Stephen Daldry To Adapt Jonathan Safran Foer's Novel Extremely Loud And Incredibly Close
The fiction of Jonathan Safran Foer represents a very specific way of looking at the world, and celebrate the ways in which language works and fails. Foer is extremely skilled at creating images that are both fantastic and genuine; his prose can generate such an impression of seeing things unfold that they seem like natural raw material for film adaptations.
Liev Schreiber made a solid directorial debut with an adaptation of Everything is Illuminated, and now Stephen Daldry is set to bring Foer's follow-up novel, Extremely Loud and Incredibly Close, to the screen.
THR says that Daldry is taking the gig, and notes not only his fondness for literary adaptations (The Hours, The Reader) but that lit superstar producer Scott Rudin is heading up the project as a Paramount / Warner Bros. co-production. (Rudin also produced Daldry's two previous adaptations, but removed his name from The Reader after a disagreement with Harvey Weinstein about the film's post-production schedule.)
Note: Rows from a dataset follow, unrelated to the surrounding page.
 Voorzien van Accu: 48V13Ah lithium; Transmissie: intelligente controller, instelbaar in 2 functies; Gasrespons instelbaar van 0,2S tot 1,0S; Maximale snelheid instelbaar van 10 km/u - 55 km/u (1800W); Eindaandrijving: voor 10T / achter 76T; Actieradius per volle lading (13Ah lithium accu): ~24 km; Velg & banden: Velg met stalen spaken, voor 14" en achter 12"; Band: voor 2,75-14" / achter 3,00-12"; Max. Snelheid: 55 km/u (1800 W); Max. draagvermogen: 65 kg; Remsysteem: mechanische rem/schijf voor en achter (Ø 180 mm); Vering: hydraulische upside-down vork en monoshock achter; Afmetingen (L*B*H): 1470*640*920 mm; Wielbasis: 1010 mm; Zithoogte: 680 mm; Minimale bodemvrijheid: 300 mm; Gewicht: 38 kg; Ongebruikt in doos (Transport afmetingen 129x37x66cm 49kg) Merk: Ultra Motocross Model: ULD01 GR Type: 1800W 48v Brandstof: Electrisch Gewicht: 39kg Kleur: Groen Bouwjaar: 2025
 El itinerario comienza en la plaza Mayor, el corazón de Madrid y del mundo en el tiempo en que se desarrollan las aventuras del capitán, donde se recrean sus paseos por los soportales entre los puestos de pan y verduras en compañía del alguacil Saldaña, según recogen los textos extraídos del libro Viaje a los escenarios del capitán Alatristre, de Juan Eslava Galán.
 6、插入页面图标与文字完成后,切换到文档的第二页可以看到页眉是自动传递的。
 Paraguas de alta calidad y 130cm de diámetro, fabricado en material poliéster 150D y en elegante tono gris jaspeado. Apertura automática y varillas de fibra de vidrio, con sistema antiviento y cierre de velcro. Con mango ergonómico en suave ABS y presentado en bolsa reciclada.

Two question marks here. One is Daldry, whose recent work has been a lot more dour than this demands. This requires a tone closer to Billy Elliot than to The Reader.
The other is that screenwriter Eric Roth (Forrest Gump, The Curious Case of Benjamin Button) is writing the screenplay. He's got a knack for character, but doesn't always nail structure. Munich and The Insider are examples of him firing on all cylinders and Ali is a solid effort, while a film like Benjamin Button was overburdened with those contemporary notes of Hurricane Katrina. Given that Foer's novel is a very place-specific New York 9/11 tale, I fear a similarly weighty adaptation.
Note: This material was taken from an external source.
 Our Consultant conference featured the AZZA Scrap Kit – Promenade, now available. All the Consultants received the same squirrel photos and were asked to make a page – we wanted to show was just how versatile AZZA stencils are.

Here's part of the Publisher's Weekly blurb about the book, which should help illustrate why it is a story that works quite well on the page, but could prove to be a significant challenge on screen:
Oskar Schell is a nine-year-old amateur inventor, jewelry designer, astrophysicist, tambourine player and pacifist. Oskar turns his naïvely precocious vocabulary to the understanding of historical tragedy, as he searches New York for the lock that matches a mysterious key left by his father when he was killed in the September 11 attacks, a quest that intertwines with the story of his grandparents, whose lives were blighted by the firebombing of Dresden. Foer embellishes the narrative with evocative graphics, including photographs, colored highlights and passages of illegibly overwritten text, and takes his unique flair for the poetry of miscommunication to occasionally gimmicky lengths, like a two-page soliloquy written entirely in numerical code.